Археологи сойдут с ума, если проведают об этом, а государство потребует насильственной продажи. Я вовсе не хочу расстаться с домом.

— Поэтому вы его и приобрели? Из-за храма?

Он кивнул:

— Конечно. Дома нынче вещь обыкновенная, даже такие красивые, как этот. Но старинные храмы — редкость. Они позволяют прикоснуться к прошлому с его античной мудростью. Не той, какой мы хотели бы ее видеть, а настоящей. Дункан сказал, что вы посещали собрания Братства Старого пути. Что вы о них думаете? Можете быть со мной откровенны.

Я высказал ему все, что думал. Он выслушал с улыбкой, но без снисхождения.

— Да, — молвил он, когда я закончил. — Вы совершенно правы. Они сознают необходимость приобретения античной мудрости, но совершенно не представляют себе, как это сделать. Если бы даже они добыли искомую мудрость, то не знали бы, как ее применить. Вам исключительно повезло, что вы встретили Дункана. Он на них не похож, он принадлежит к совершенно другой группе. Надеюсь, вы это понимаете.

— Да, — искренне согласился я. — Я ему всем обязан.

— Со временем вы будете ему обязаны так, как вы даже не можете и представить. Я знал его отца. А мой отец и его дед был близкими друзьями. Он вам об этом рассказывал?

Я покачал головой. Три поколения рядом — это удивительно.

— Он мне много говорил о вас, — продолжил д'Эрвиль. — Например, сказал, что вы здесь чувствуете себя неважно.

Я смущенно поерзал на стуле, не зная, что конкретно Дункан ему передал. Я вкратце повторил ему то, что сказал Дункану.

— Отчасти вы правы. Некоторые друзья Вильерса и в самом деле люди ординарные. Но нам приходится их терпеть по причинам, которые вам знать пока не нужно. Тем не менее, я советую вам ни в коем случае не расставаться с Дунканом. Его путешествие еще только началось. К тому времени, как оно закончится, вы совершенно переменитесь, уверяю вас. У него относительно вас большие планы. Очень большие планы.

Затем я рассказал ему о том, что успел прочесть и что еще, по совету Дункана, планировал прочитать. Д'Эрвиль, со своей стороны, порекомендовал мне некоторые издания. Он рассказал, что в городке Шаване, расположенном в ста километрах к юго-востоку от Танжера, встречался с еврейскими раввинами. Евреи эти (их, впрочем, там осталось сейчас мало: почти все переехали в Израиль) были потомками эмигрантов, сбежавших от испанской инквизиции. Говорили они на кастильском наречии, давно уже исчезнувшем в самой Испании. От них д'Эрвиль получил знания, считавшиеся утраченными, — ключ к многочисленным каббалистическим текстам.

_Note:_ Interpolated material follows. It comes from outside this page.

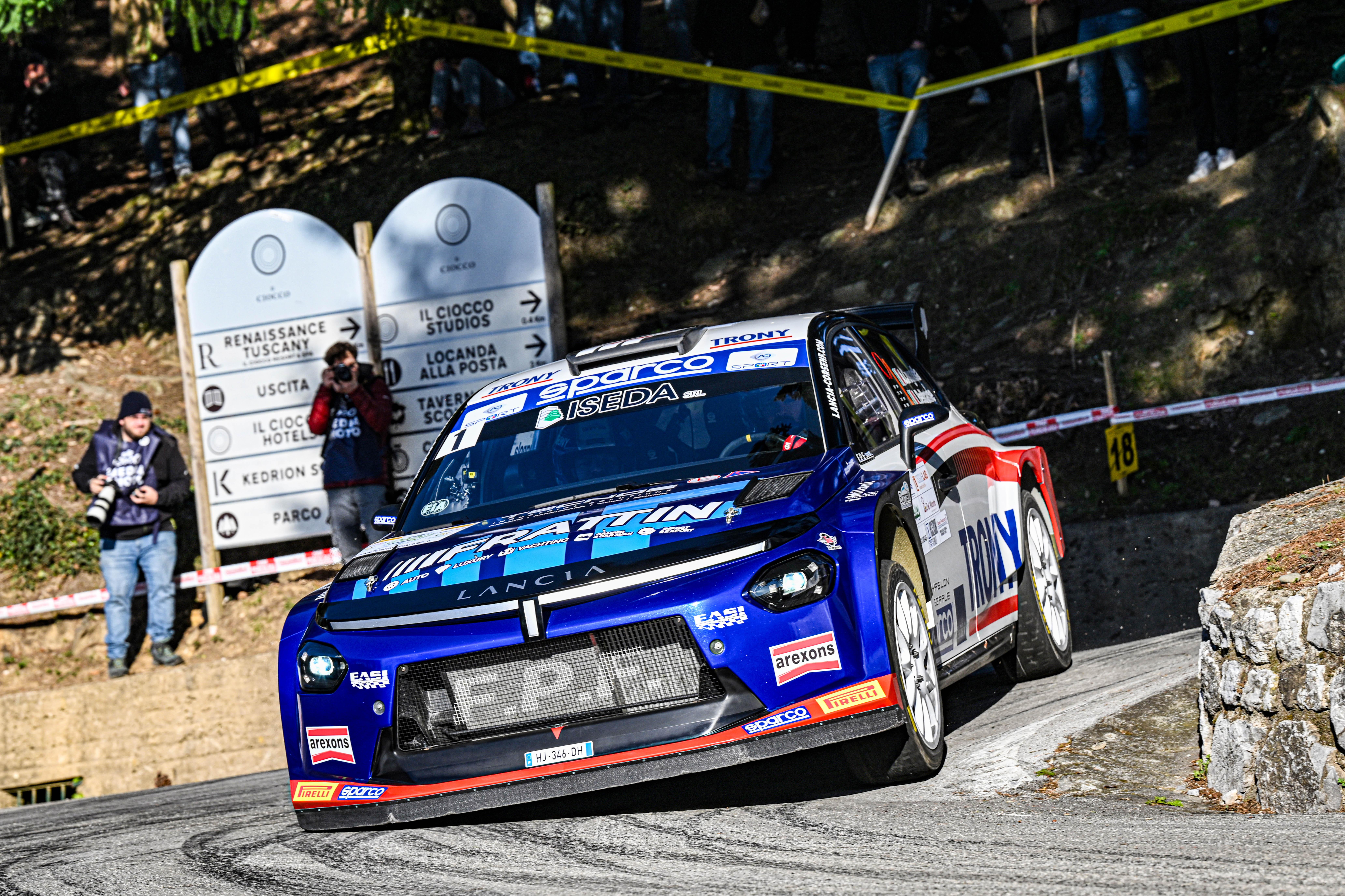 Lucca città dei motori. Da sempre. Ancora di più in questo 2026 in cui ha accolto nel "salotto" elegante del Caffè delle Mura, con il contorno delle splendide mura medioevali, la partenza del 49° Rally Il Ciocco e Valle del Serchio e l'arrivo della gara valevole per la Coppa Rally di Zona, in attesa a novembre della Finale di Coppa Italia Rally. Gremita di folla, un grande abbraccio caloroso tutta l'area della partenza, con la presenza prestigiosa del Presidente di Automobile Club d'Italia Avv. Geronimo La Russa sul palco per il ricordo sentito, con la partecipazione della moglie Flavia, del grande campione Sandro Munari, recentemente scomparso, testimoniato anche da un adesivo su tutte le vetture in gara, con la CEO Lancia Roberta Zerbi, insieme al due volte campione del modo rally Miki Biasion, a salutare il rientro nella serie tricolore dell'importante marchio con la Ypsilon HF Integrale Rally2 di Crugnola-Beltrame e la pattuglia numerosa dei trofeisti: uno start di spessore ed una vetrina importante per il Campionato Italiano Assoluto Rally Sparco, la massima espressione del rallismo nazionale.

— Когда вы будете готовы, — сказал он, — Дункан опять пришлет вас ко мне. Я познакомлю вас с материалами, о которых даже он не знает. Вряд ли это произойдет через год, может быть, это случится через десять лет, не знаю. Но будьте уверены, это время придет. Ну, а теперь, — он взглянул на часы возле двери, — позвольте показать вам наш маленький храм.

* * *

Храм этот оказался крошечным помещением с низким потолком, высеченным в скале. Он находился под полом подвала д'Эрвиля. Хотя сам по себе дом был прохладным, спустившись по лестнице в храм, я почувствовал, как меня сковал древний, неземной холод.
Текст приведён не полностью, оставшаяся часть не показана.